This study addresses the lack of clarity regarding human–LLM collaboration mechanisms in Security Operations Centers (SOCs). Drawing on a 10-month longitudinal dataset of 3,090 real-world analyst queries from 45 security professionals, it employs a mixed-methods approach—integrating the NICE Cybersecurity Workforce Framework, large-scale log mining, and qualitative–quantitative analysis—to systematically characterize LLM query intent, interaction patterns, and usage evolution. Results reveal an emergent, on-demand cognitive assistance paradigm: 93% of queries map to standardized cybersecurity competencies; most involve low-level telemetry interpretation and concise communication refinement. This indicates a shift from experimental tool to routine collaborative partner for a subset of analysts—particularly in threat sensing and technical articulation. The findings provide empirically grounded theoretical insights and actionable design principles for operationally viable AI-augmented SOCs.

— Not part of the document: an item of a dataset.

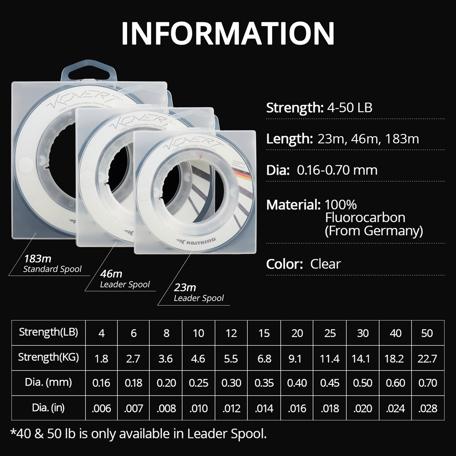 KastKing Kovert Fluorocarbon Fishing Line 46m 183m 4-50LB 0.16-0.7mm 100% Carbon Sinking Fishing Line Strong Full Fluorocarbon Leader Line German Material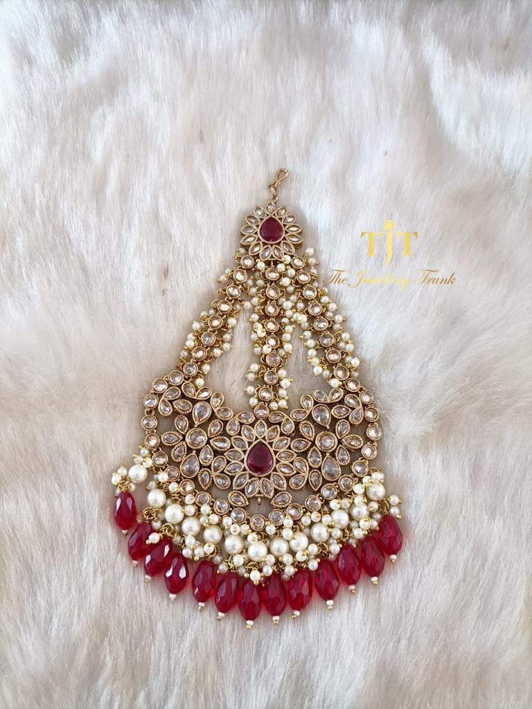 Red oval beads ,white pearls and white pearl lariyaFor custom and urgent orders please contact us via email on info@thejewellerytrunk.com, alternatively whatsapp us on +447896705464

The integration of Large Language Models (LLMs) into Security Operations Centres (SOCs) presents a transformative, yet still evolving, opportunity to reduce analyst workload through human-AI collaboration. However, their real-world application in SOCs remains underexplored. To address this gap, we present a longitudinal study of 3,090 analyst queries from 45 SOC analysts over 10 months. Our analysis reveals that analysts use LLMs as on-demand aids for sensemaking and context-building, rather than for making high-stakes determinations, preserving analyst decision authority. The majority of queries are related to interpreting low-level telemetry (e.g., commands) and refining technical communication through short (1-3 turn) interactions. Notably, 93% of queries align with established cybersecurity competencies (NICE Framework), underscoring the relevance of LLM use for SOC-related tasks. Despite variations in tasks and engagement, usage trends indicate a shift from occasional exploration to routine integration, with growing adoption and sustained use among a subset of analysts. We find that LLMs function as flexible, on-demand cognitive aids that augment, rather than replace, SOC expertise. Our study provides actionable guidance for designing context-aware, human-centred AI assistance in security operations, highlighting the need for further in-the-wild research on real-world analyst-LLM collaboration, challenges, and impacts.